─── DATA IN THIS EXERCISE ───

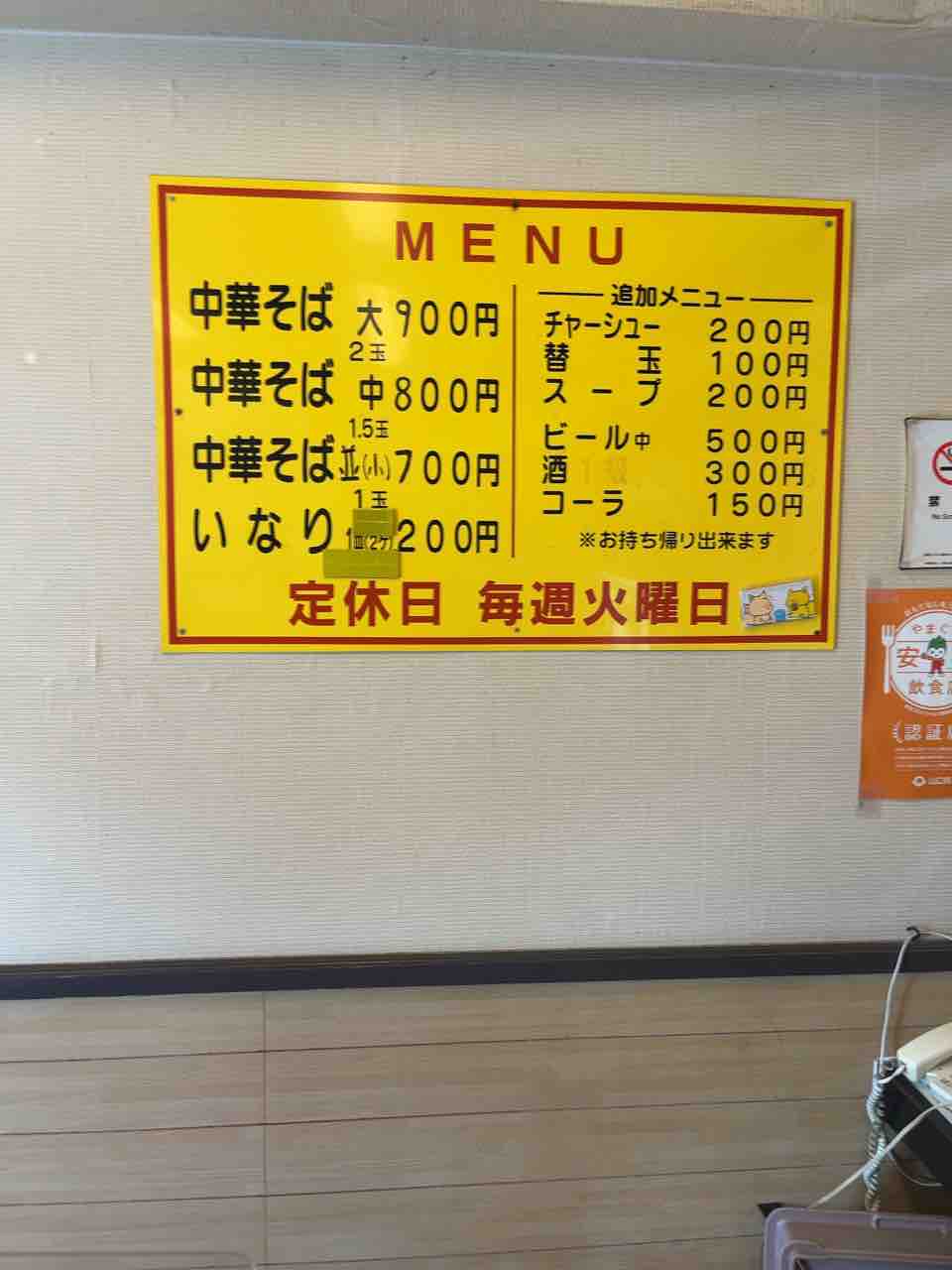 中華そばの中といなりをお願いしました。
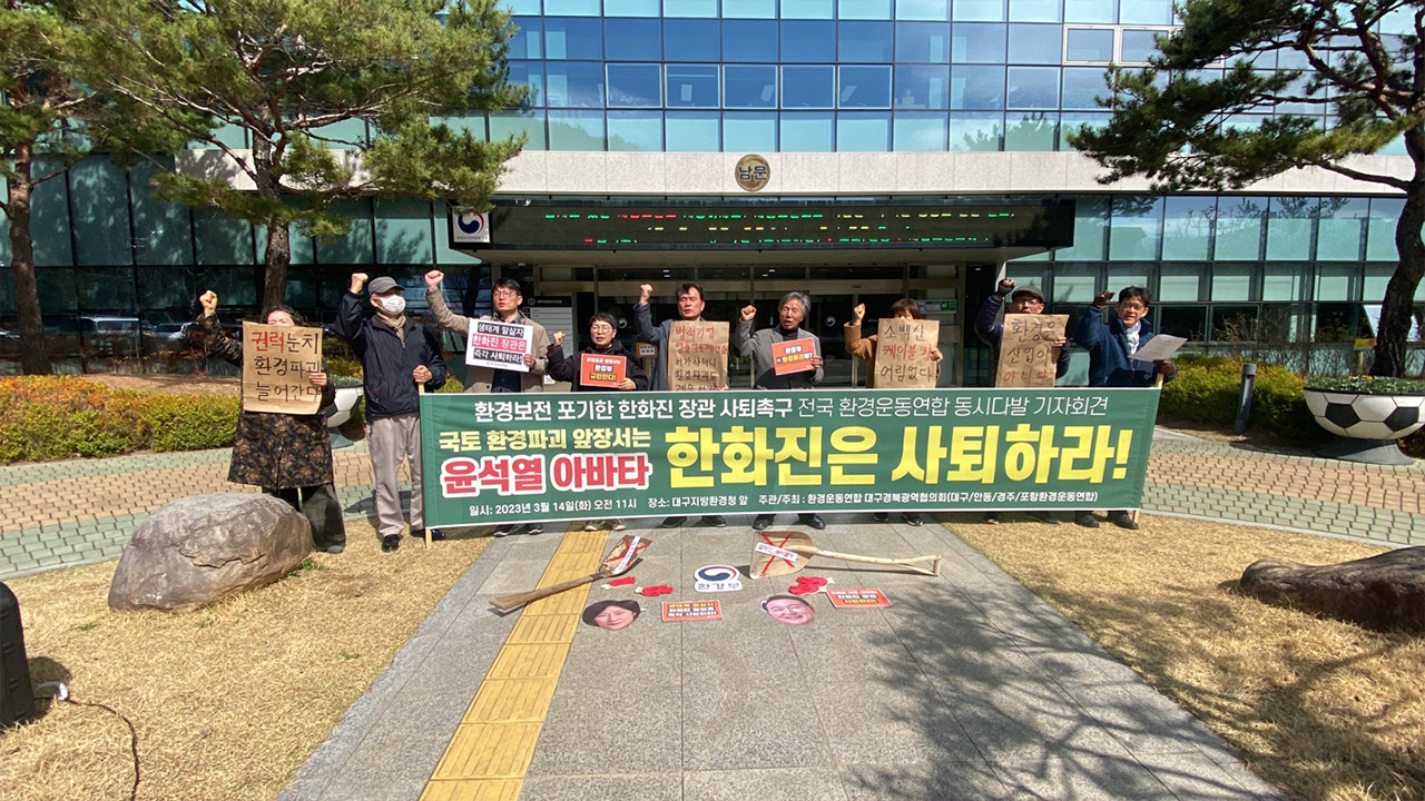 환경운동연합 대구 경북 광역협의회는 3월 14일 대구지방환경청 앞에서 기자회견을 열고 한화진 환경부 장관 사퇴를 촉구했습니다.
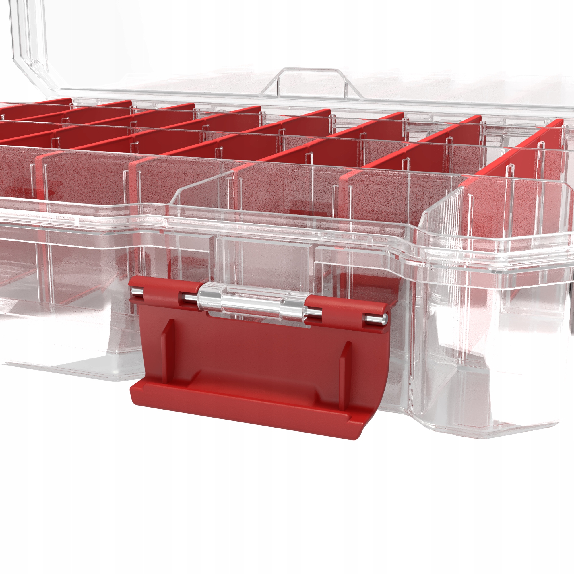 Органайзер оснащен 24 регулируемыми отделениями, которые можно свободно конфигурировать. Благодаря этому пользователь может создать до 32 независимых камер. Такая гибкость позволяет идеально подогнать пространство под различные виды аксессуаров – от маленьких шурупов до более сложных рабочих элементов.
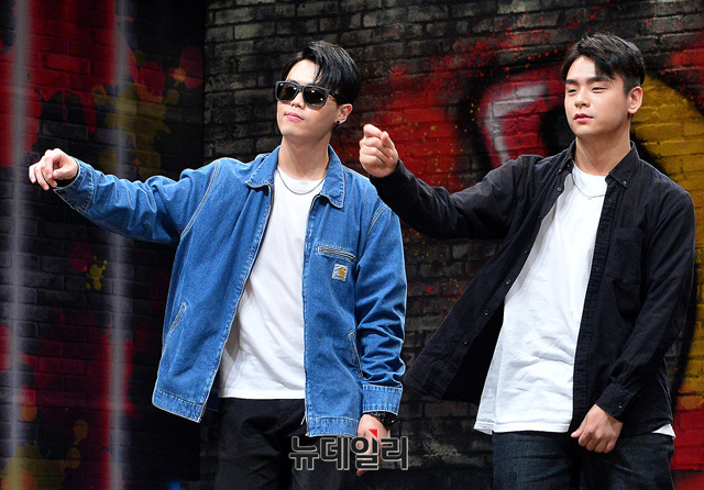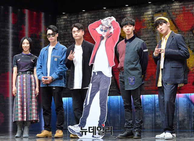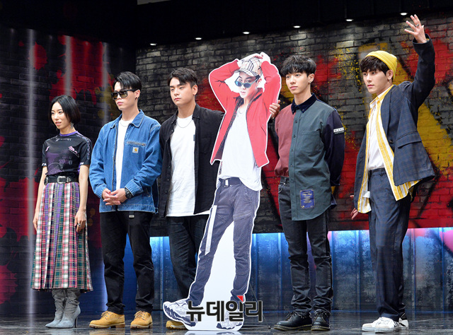 예능프로그램 '댄싱하이'의 출연자들(저스트절크, 리아킴, 이기광, 호야)이 7일 오전 서울 마포구 KBS아트홀에서 열린 제작발표회에 참석해 포즈를 취하고 있다.
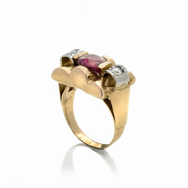 anello 15DESCRIZIONE: anello a fascia di forma rettangolare sagomata decorato da un rubino taglio ovale affiancato da due diamanti taglio vecchio, reca punzone 750 PESO: diamanti ct 0.30, g 5.8
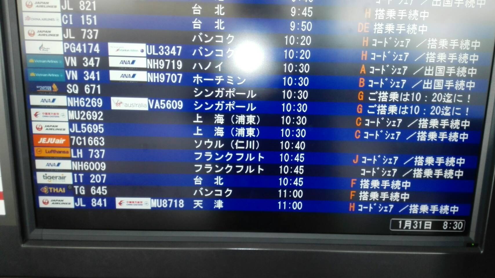 1月31日10:45に出発の飛行機に合わせ、8:30に空港に集合しました。

───

• _EXERCISE_
Each line above gets copied exactly; leave the pictures out.

• _RESULT FOR THIS TASK_
 中華そばの中といなりをお願いしました。
 환경운동연합 대구 경북 광역협의회는 3월 14일 대구지방환경청 앞에서 기자회견을 열고 한화진 환경부 장관 사퇴를 촉구했습니다.
 Органайзер оснащен 24 регулируемыми отделениями, которые можно свободно конфигурировать. Благодаря этому пользователь может создать до 32 независимых камер. Такая гибкость позволяет идеально подогнать пространство под различные виды аксессуаров – от маленьких шурупов до более сложных рабочих элементов.
 예능프로그램 '댄싱하이'의 출연자들(저스트절크, 리아킴, 이기광, 호야)이 7일 오전 서울 마포구 KBS아트홀에서 열린 제작발표회에 참석해 포즈를 취하고 있다.
 anello 15DESCRIZIONE: anello a fascia di forma rettangolare sagomata decorato da un rubino taglio ovale affiancato da due diamanti taglio vecchio, reca punzone 750 PESO: diamanti ct 0.30, g 5.8
 1月31日10:45に出発の飛行機に合わせ、8:30に空港に集合しました。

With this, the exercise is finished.